After tocolysis to arrest preterm labor, the patient remains at risk for preterm delivery and maintenance tocolysis is common. Few data are available on the use of nifedipine for maintenance tocolysis and the 2 randomized studies comparing nifedipine to no treatment were unblinded and had conflicting results. This prospective, randomized double-blind trial investigated the effectiveness of maintenance nifedipine tocolysis following arrested preterm labor to prolong pregnancy and improve neonatal outcomes. Between 2001 and 2007, 68 patients in active preterm labor were enrolled who were 24 to 34 weeks of gestational age, and had been treated with intravenous magnesium sulfate or oral nifedipine to arrest preterm labor. Inclusion criteria included 6 or fewer contractions per hour, intact membranes, and cervical dilation less than 4 cm. Patients were excluded who had signs of placenta previa, placental abruption, a fetal anomaly incompatible with life, intrauterine infection, or a maternal medical contraindication to ongoing tocolysis. Of the 68 patients, 33 received 20 mg nifedipine orally every 4 to 6 hours and 35 a placebo. Treatment was continued until 37 weeks of gestation. At baseline, the 2 groups were similar with regard to prior preterm birth, gestational age, and other maternal demographic characteristics.
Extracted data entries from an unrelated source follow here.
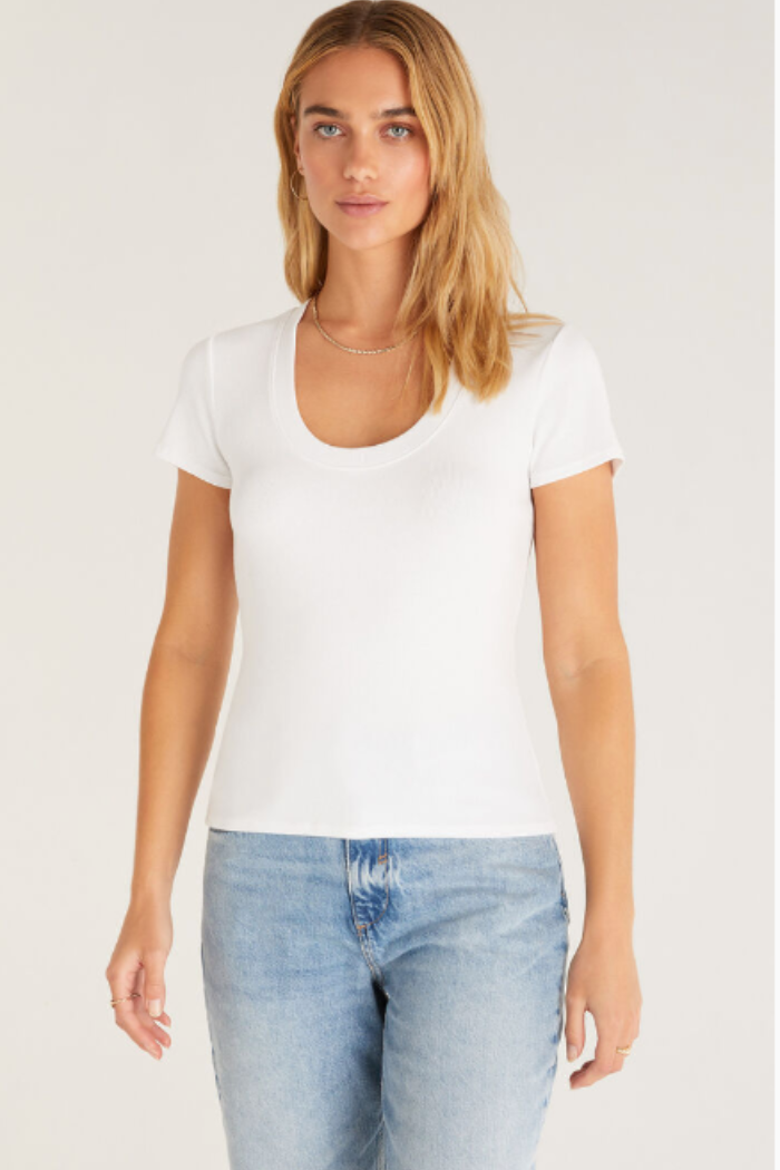A new silhouette in our Essentials capsule, the Sirena Short Sleeve Tee will be an instant classic. Made from our new Premium Feather Rib fabrication, this updated version of our Serena Tee features a slimmer fit and cap sleeves.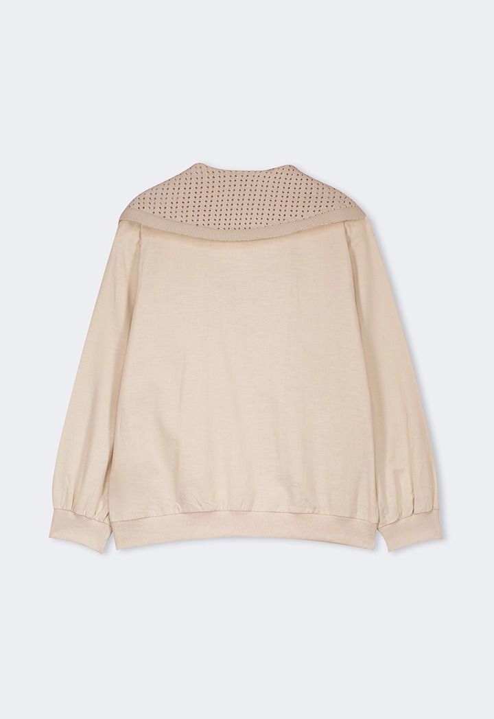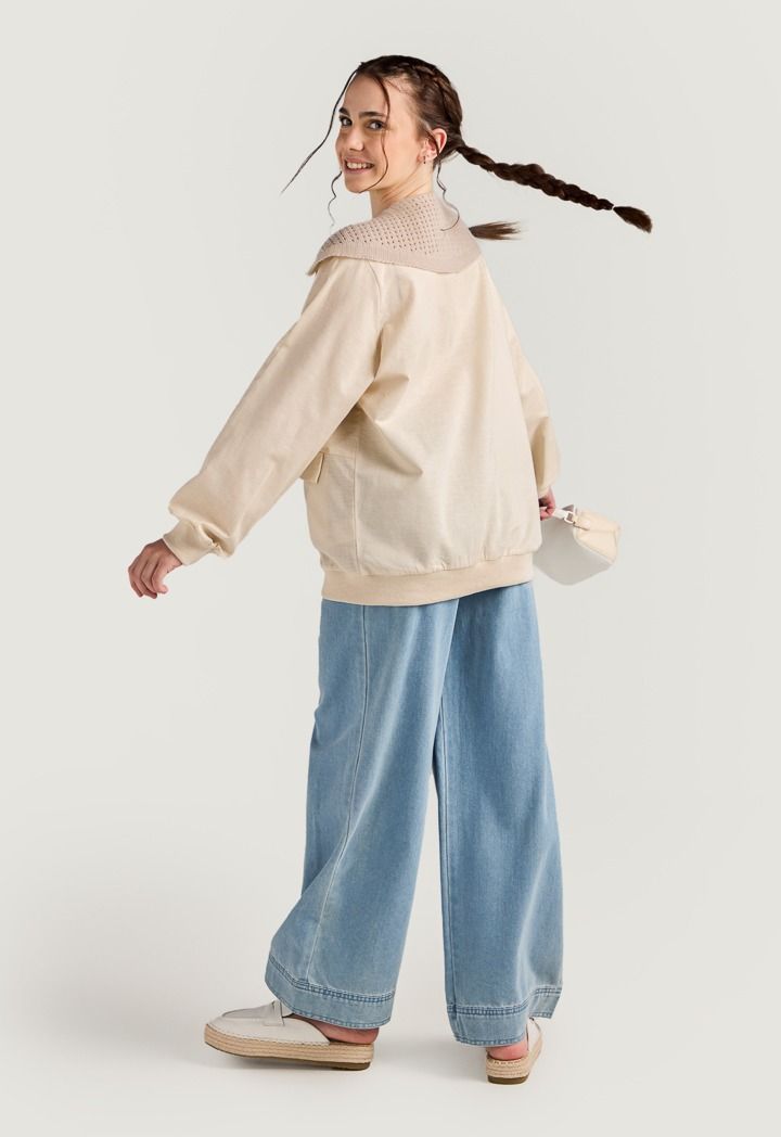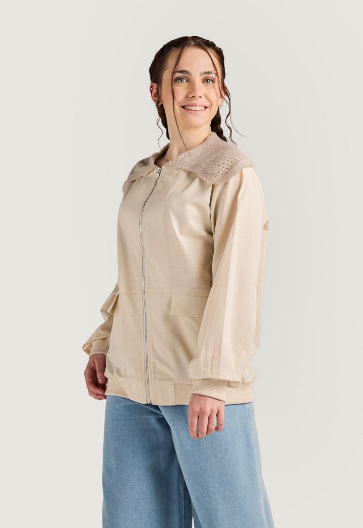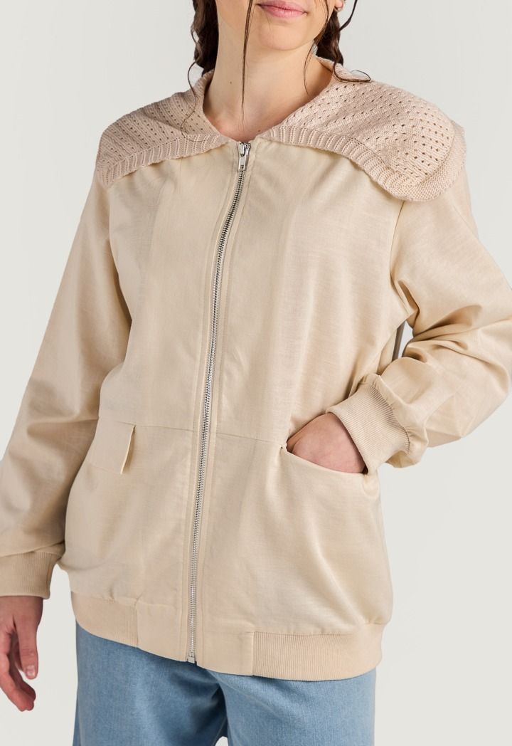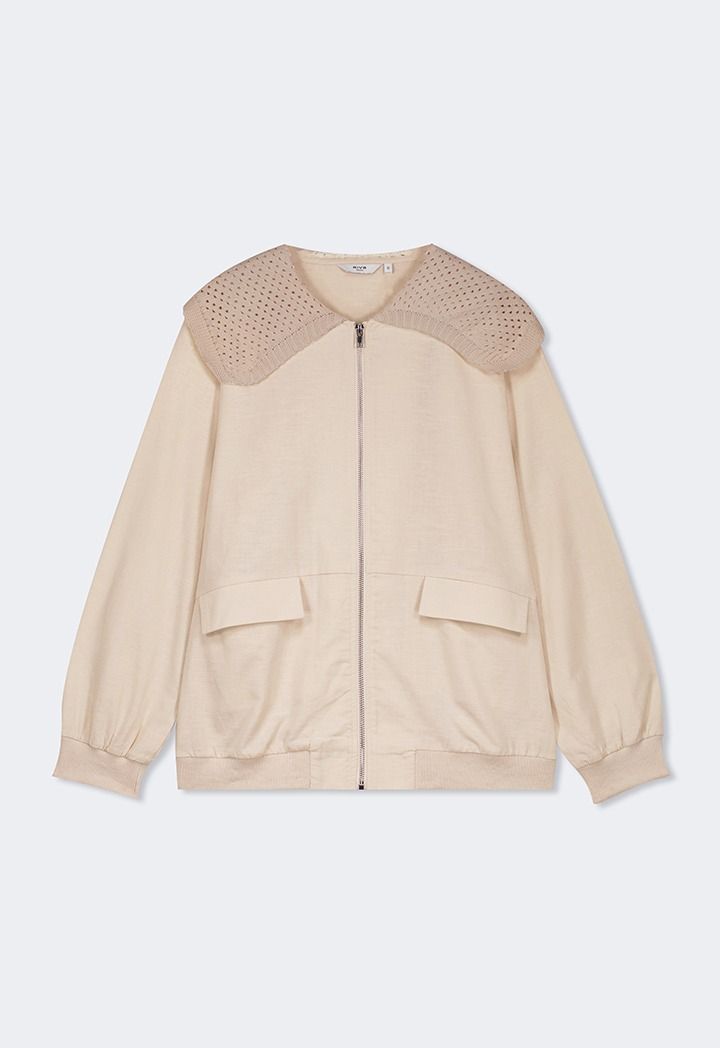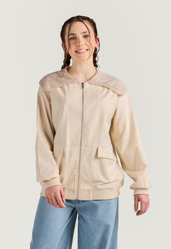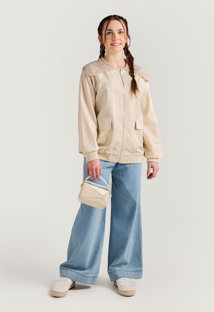 Expand your style wit this jacket, featuring a linen design and crochet shoulders.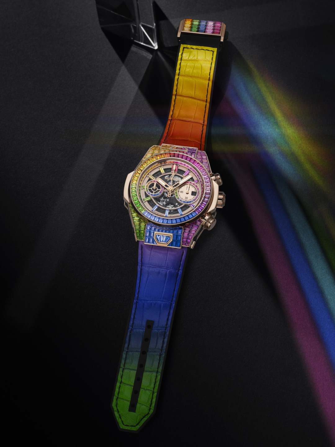 Приобрести новинку Big Bang Unico Full Baguette King Gold Rainbow можно в бутиках Hublot.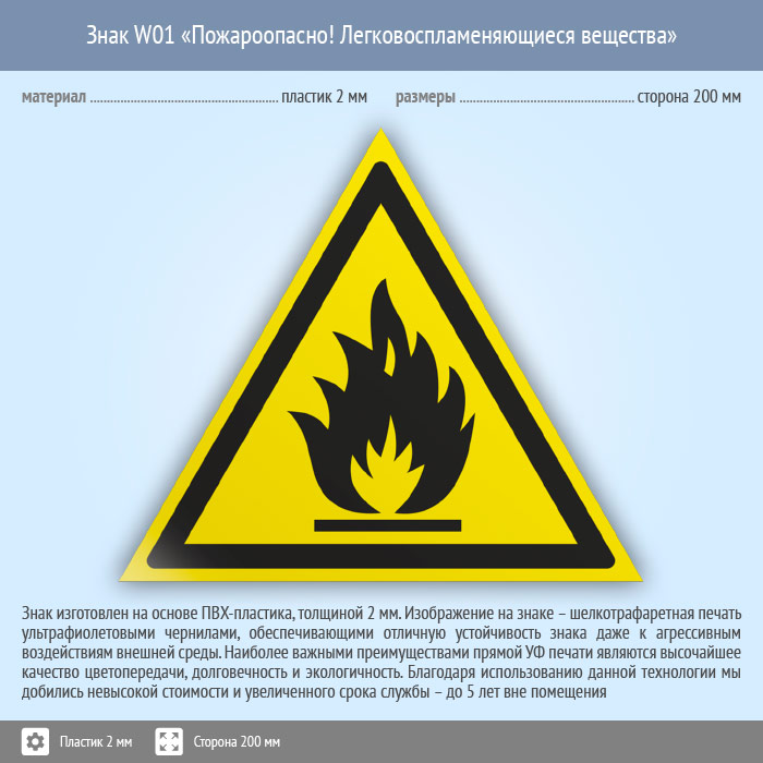 Знак W01 «Пожароопасно! легковоспламеняющиеся вещества» (пластик, сторона 200 мм) в Хотьково купить

There was, however, significantly greater cervical dilation and shorter cervical length in the placebo group.
The data showed that maintenance nifedipine did not prolong gestation. No difference was found among the nifedipine and placebo groups in the percentage of patients who reached 37 weeks of gestation (39% vs. 37%, respectively, P > 0.91). Among the 2 groups, there were no differences in mean delay of delivery (nifedipine vs. placebo: 33.5 ± 19.9 days vs. 32.6 ± 21.4 days, P > 0.81), in delay of delivery for more than 48 hours or 1, 2, 3, or 4 weeks, in the mean gestational age at delivery, or in episodes of recurrent preterm labor. No significant differences in neonatal outcomes were found.
These findings are consistent with the conclusion of the American College of Obstetricians and Gynecologists that prolonged oral or parenteral tocolytic treatment is not effective in reducing preterm birth or improving neonatal outcomes.